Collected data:
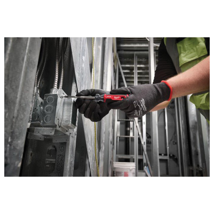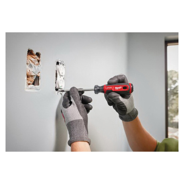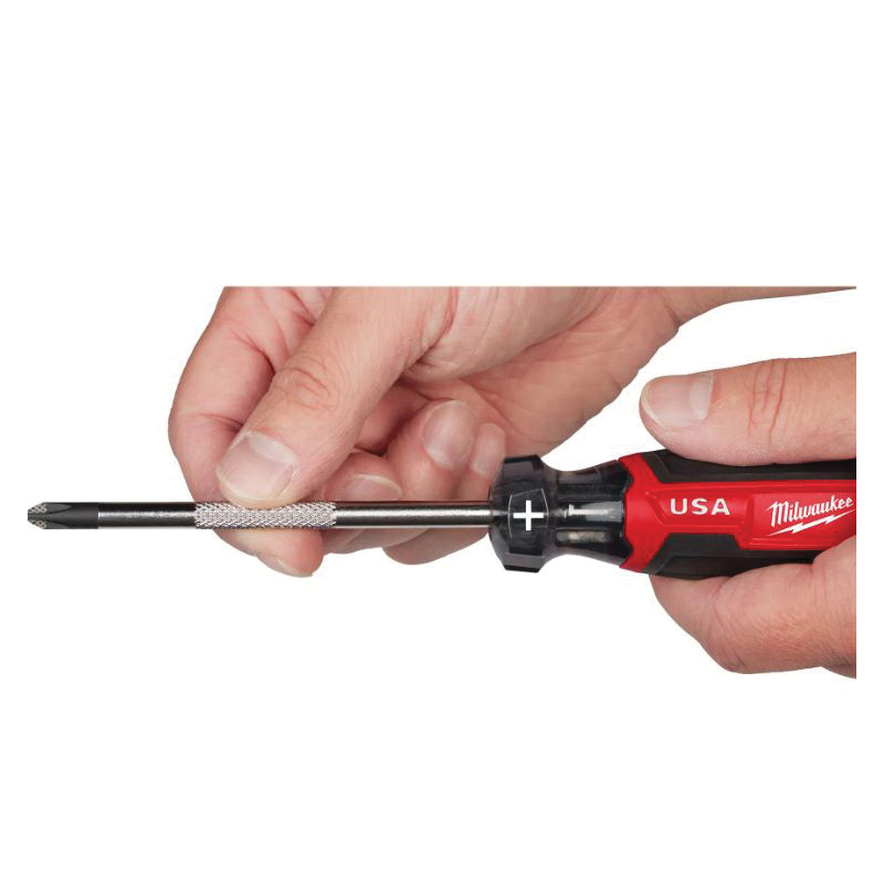 Our Milwaukee® cushion grip screwdrivers (USA) are manufactured to give the professional the excellent-fitting screwdriver with max grip. Our screwdriver tips are custom machined to deliver a precise fit and reduce stripping during demanding fastening applications. For added confidence, the tips are laser etched to increase the gripping surface. Manufactured with high-strength boron-infused steel for increased hardness, our screwdrivers stand-up to the demands of the site with ultimate durability and life. Providing increased versatility, select screwdrivers include a wrench ready bolster for added torque and a knurled shank for precision control. Quick identification markings on the handle make it easy to identify screwdriver tip size and type, including Phillips, cabinet, ECX, slotted and square. The demolition screwdrivers also include a hammer-ready strike cap. Our Milwaukee® cushion grip screwdrivers (USA) are made in the USA with excellent-in-class manufacturing technology and USA-sourced materials all backed by a complete lifetime warranty.
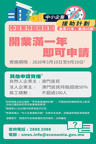 「中小企業援助計劃」臨時放寬申請條件的實施期將於9月10日結束;而「中小企業銀行貸款利息補貼計劃」的申請期亦將於9月17日結束。有需要的中小企業,可透過經濟局網頁( www.economia.gov.mo )了解計劃細節並及早提出申請。
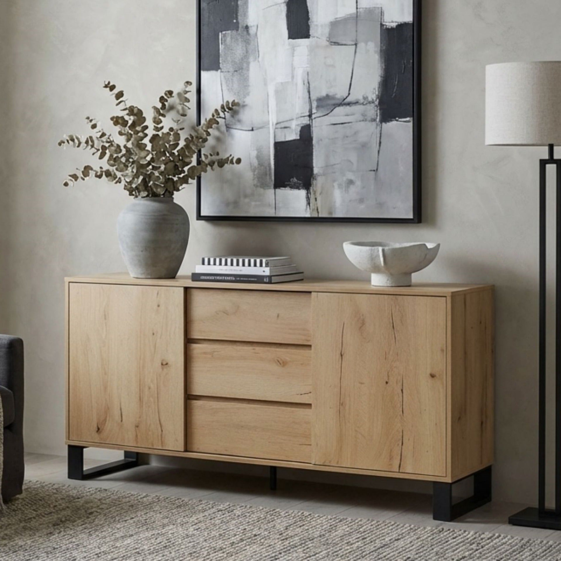 1 x FROHNA Sideboard Buffet Table with 3 Drawers - OAK
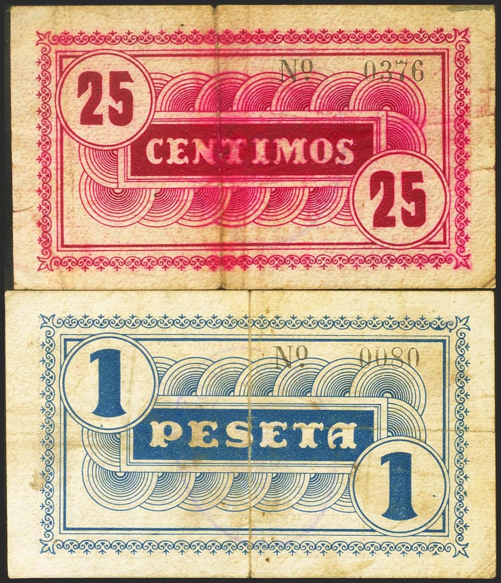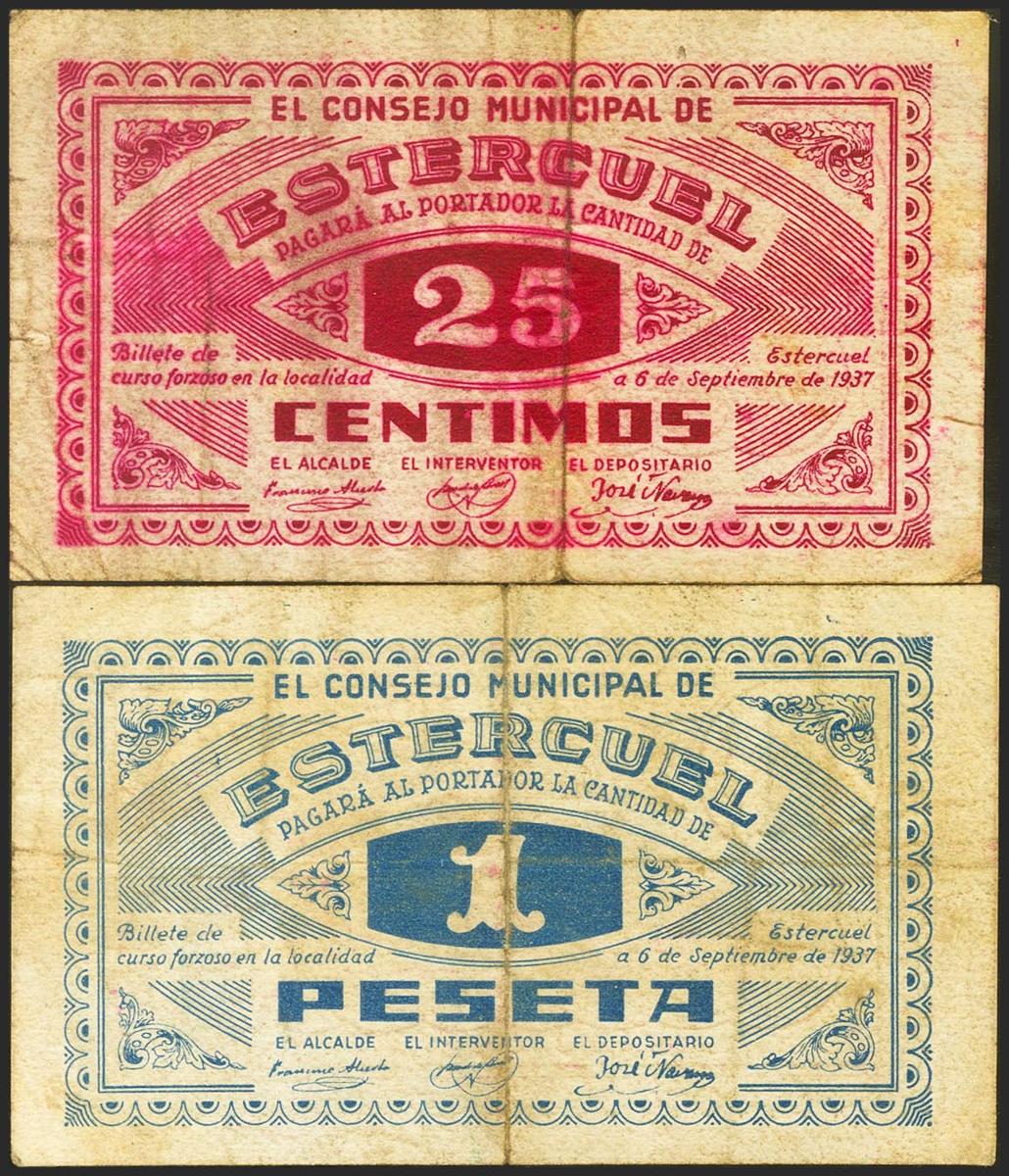 ESTERCUEL (TERUEL). 25 Céntimos y 1 Peseta. 6 de Septiembre de 1937. (González: 2362, 2363). MBC-.
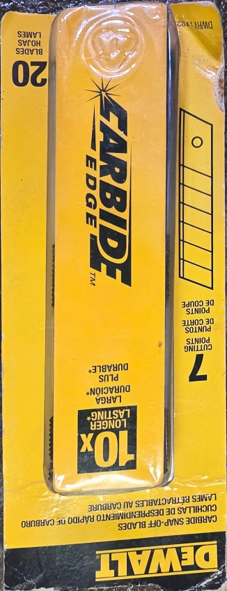 20 pack of DEWALT Carbide Edge utility knife blades. 10x longer lasting than competitor blades. Laser deposited carbide edges.
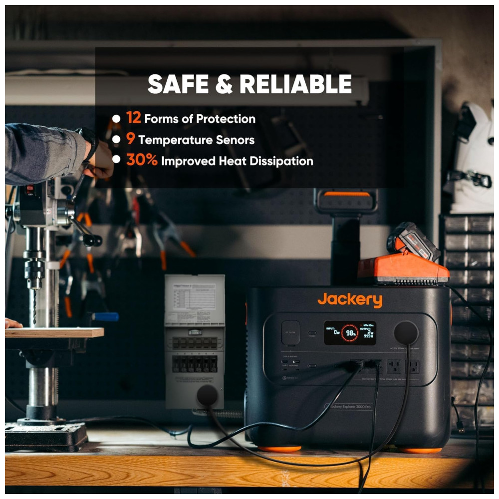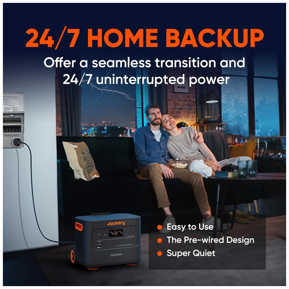 Proteja sua casa contra interrupções e tempestades com a estação de energia portátil Jackery Explorer 3000 Pro e um interruptor de transferência manual. Esta confiável solução de backup doméstico recupera a energia em 0,5s quando a rede cai, oferecendo uma transição perfeita e energia ininterrupta 24 horas por dia, 7 dias por semana, para manter todos os seus dispositivos essenciais funcionando perfeitamente!
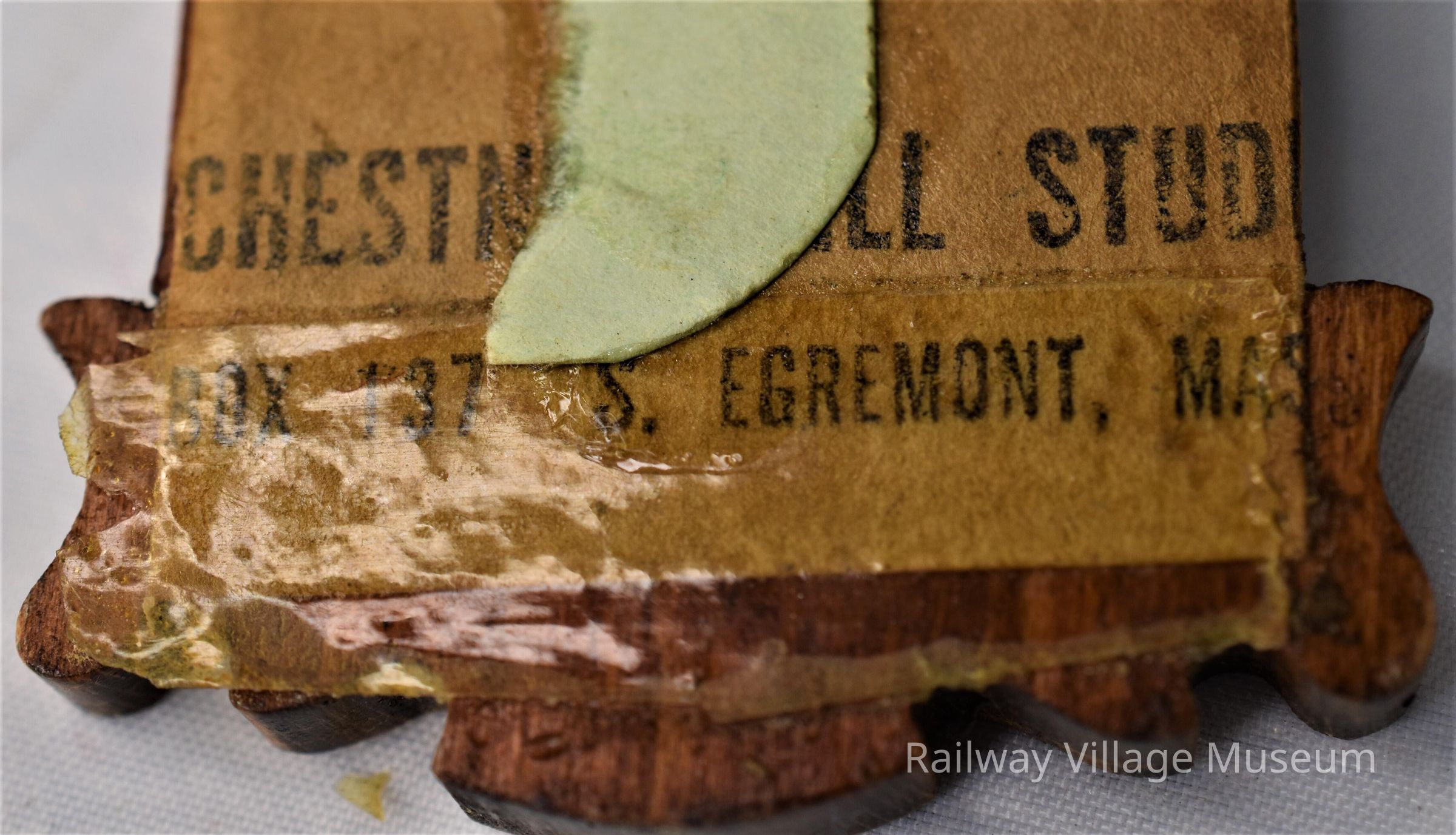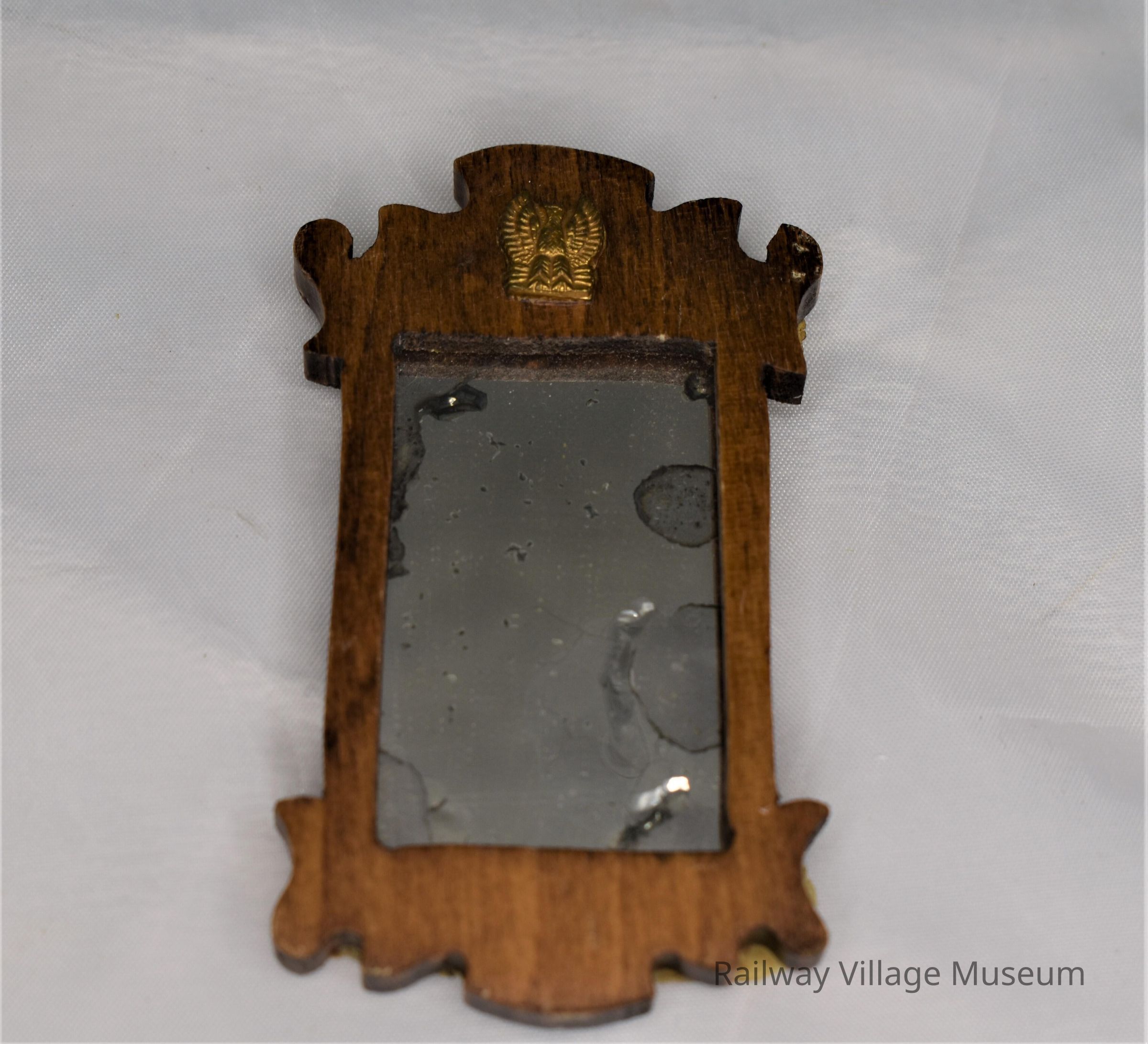 A wooden mirror, by an unknown maker. There is a stamp on the back with a name and an address, but search results yielded nothing relating to the stamp.Lexicon
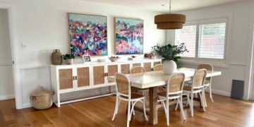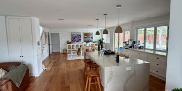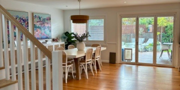 Fully renovated in 2025, The Hampton is a light filled two-storey family home featuring five bedrooms, three bathrooms, and two generous living areas. The centrepiece of the home is a spacious open plan kitchen, dining, and living area, finished with warm American Oak flooring and large windows that fill the space with natural light.
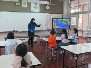 子どもたちが主催する児童集会が行われました。1年生も夏尾小にすっかり慣れ、自己紹介や名刺交換、しっぽとりゲームを楽しみました。全校児童が、とても仲の良い子どもたちです。じゃんけんで負けてもうれしそうに名刺交換。しっぽをとられてもにこにこ顔で楽しんでいる様子でした。
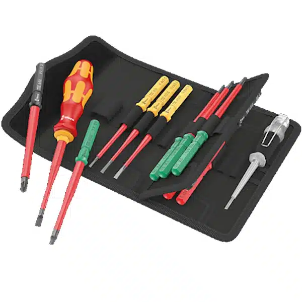 A Wera Kraftform Kompakt VDE 16 Extra Slim 1 egy 16 darabos szigetelt csavarhúzó készlet, amely ideális villanyszerelési feladatokhoz. A készlet tartalmazza a legfontosabb VDE csavarhúzókat és cserepengeket, amelyek a legnagyobb biztonságot nyújtják feszültség alatt végzett munkák során. A Take it easy Tool Finder rendszer biztosítja a gyors szerszámkeresést, a színkódolásnak és lézeres méretjelölésnek köszönhetően.
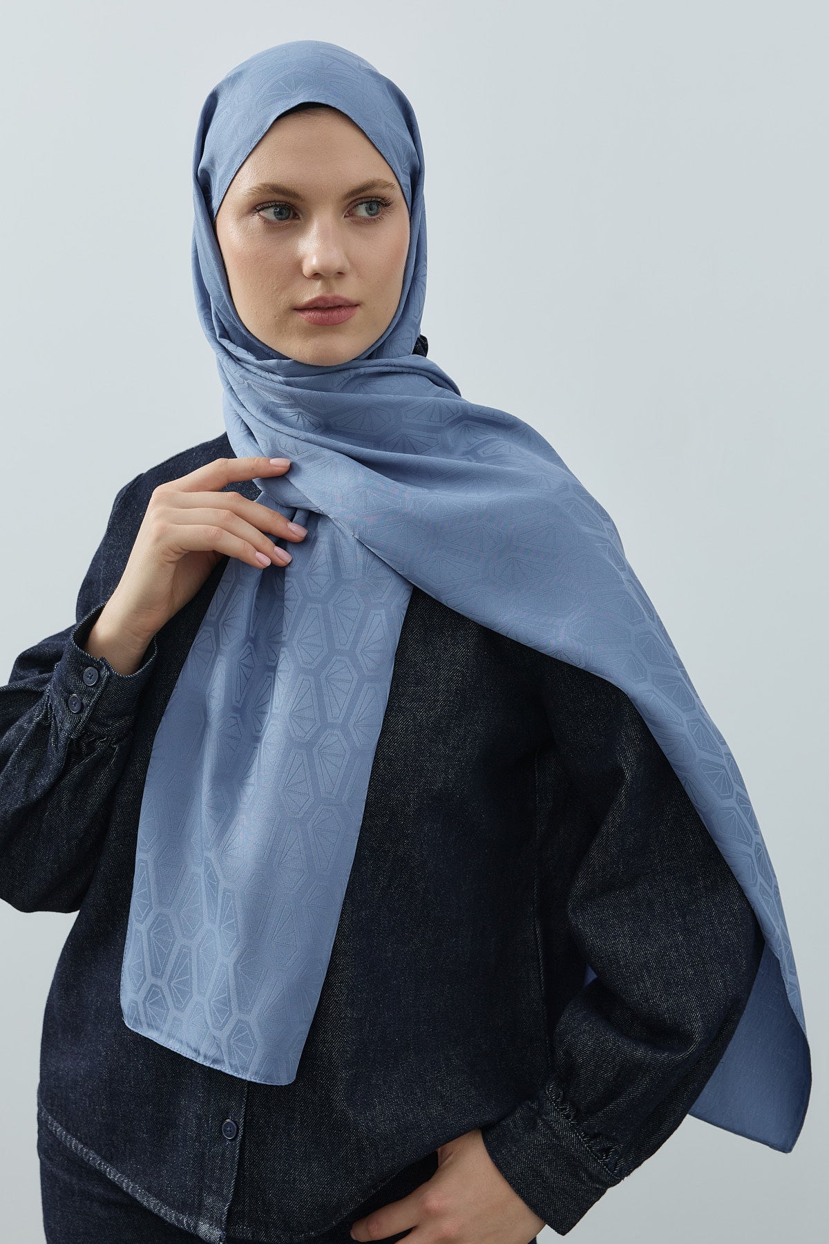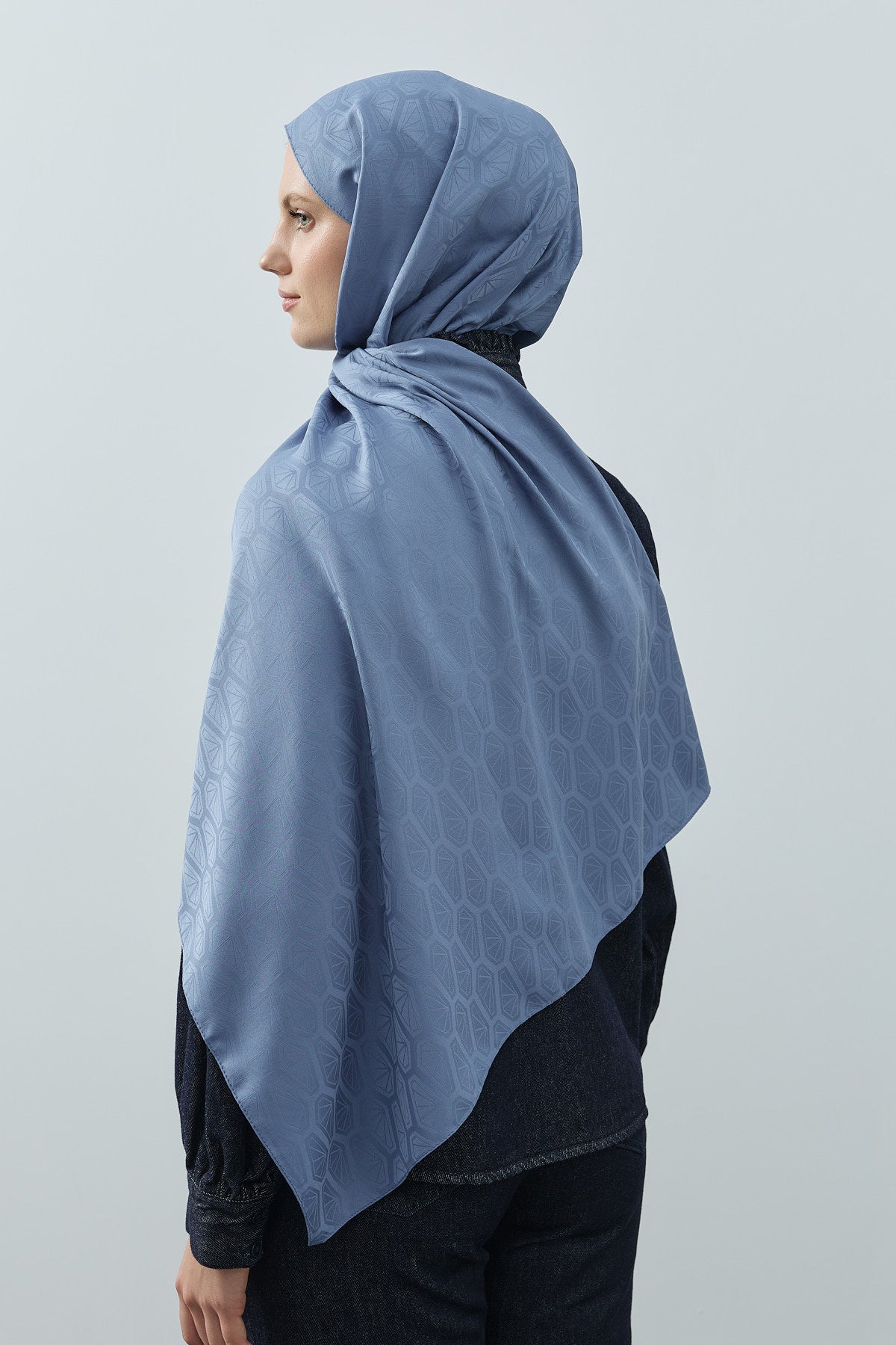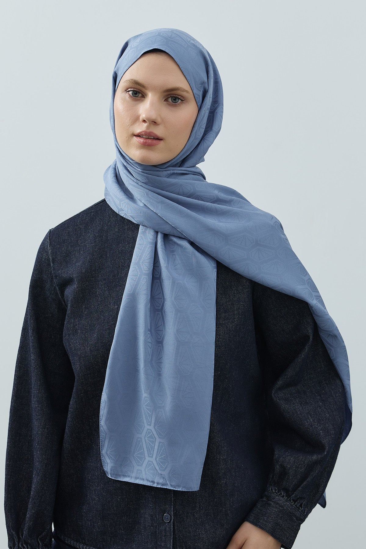 Elmas Desen İpeksi Jakar Şal Mavi Elmas Desen İpe...

_Work item_. Every entry, word for word: repeat it, but skip the images.

_Solved exercise_.
 Our Milwaukee® cushion grip screwdrivers (USA) are manufactured to give the professional the excellent-fitting screwdriver with max grip. Our screwdriver tips are custom machined to deliver a precise fit and reduce stripping during demanding fastening applications. For added confidence, the tips are laser etched to increase the gripping surface. Manufactured with high-strength boron-infused steel for increased hardness, our screwdrivers stand-up to the demands of the site with ultimate durability and life. Providing increased versatility, select screwdrivers include a wrench ready bolster for added torque and a knurled shank for precision control. Quick identification markings on the handle make it easy to identify screwdriver tip size and type, including Phillips, cabinet, ECX, slotted and square. The demolition screwdrivers also include a hammer-ready strike cap. Our Milwaukee® cushion grip screwdrivers (USA) are made in the USA with excellent-in-class manufacturing technology and USA-sourced materials all backed by a complete lifetime warranty.
 「中小企業援助計劃」臨時放寬申請條件的實施期將於9月10日結束;而「中小企業銀行貸款利息補貼計劃」的申請期亦將於9月17日結束。有需要的中小企業,可透過經濟局網頁( www.economia.gov.mo )了解計劃細節並及早提出申請。
 1 x FROHNA Sideboard Buffet Table with 3 Drawers - OAK
 ESTERCUEL (TERUEL). 25 Céntimos y 1 Peseta. 6 de Septiembre de 1937. (González: 2362, 2363). MBC-.
 20 pack of DEWALT Carbide Edge utility knife blades. 10x longer lasting than competitor blades. Laser deposited carbide edges.
 Proteja sua casa contra interrupções e tempestades com a estação de energia portátil Jackery Explorer 3000 Pro e um interruptor de transferência manual. Esta confiável solução de backup doméstico recupera a energia em 0,5s quando a rede cai, oferecendo uma transição perfeita e energia ininterrupta 24 horas por dia, 7 dias por semana, para manter todos os seus dispositivos essenciais funcionando perfeitamente!
 A wooden mirror, by an unknown maker. There is a stamp on the back with a name and an address, but search results yielded nothing relating to the stamp.Lexicon
 Fully renovated in 2025, The Hampton is a light filled two-storey family home featuring five bedrooms, three bathrooms, and two generous living areas. The centrepiece of the home is a spacious open plan kitchen, dining, and living area, finished with warm American Oak flooring and large windows that fill the space with natural light.
 子どもたちが主催する児童集会が行われました。1年生も夏尾小にすっかり慣れ、自己紹介や名刺交換、しっぽとりゲームを楽しみました。全校児童が、とても仲の良い子どもたちです。じゃんけんで負けてもうれしそうに名刺交換。しっぽをとられてもにこにこ顔で楽しんでいる様子でした。
 A Wera Kraftform Kompakt VDE 16 Extra Slim 1 egy 16 darabos szigetelt csavarhúzó készlet, amely ideális villanyszerelési feladatokhoz. A készlet tartalmazza a legfontosabb VDE csavarhúzókat és cserepengeket, amelyek a legnagyobb biztonságot nyújtják feszültség alatt végzett munkák során. A Take it easy Tool Finder rendszer biztosítja a gyors szerszámkeresést, a színkódolásnak és lézeres méretjelölésnek köszönhetően.
 Elmas Desen İpeksi Jakar Şal Mavi Elmas Desen İpe...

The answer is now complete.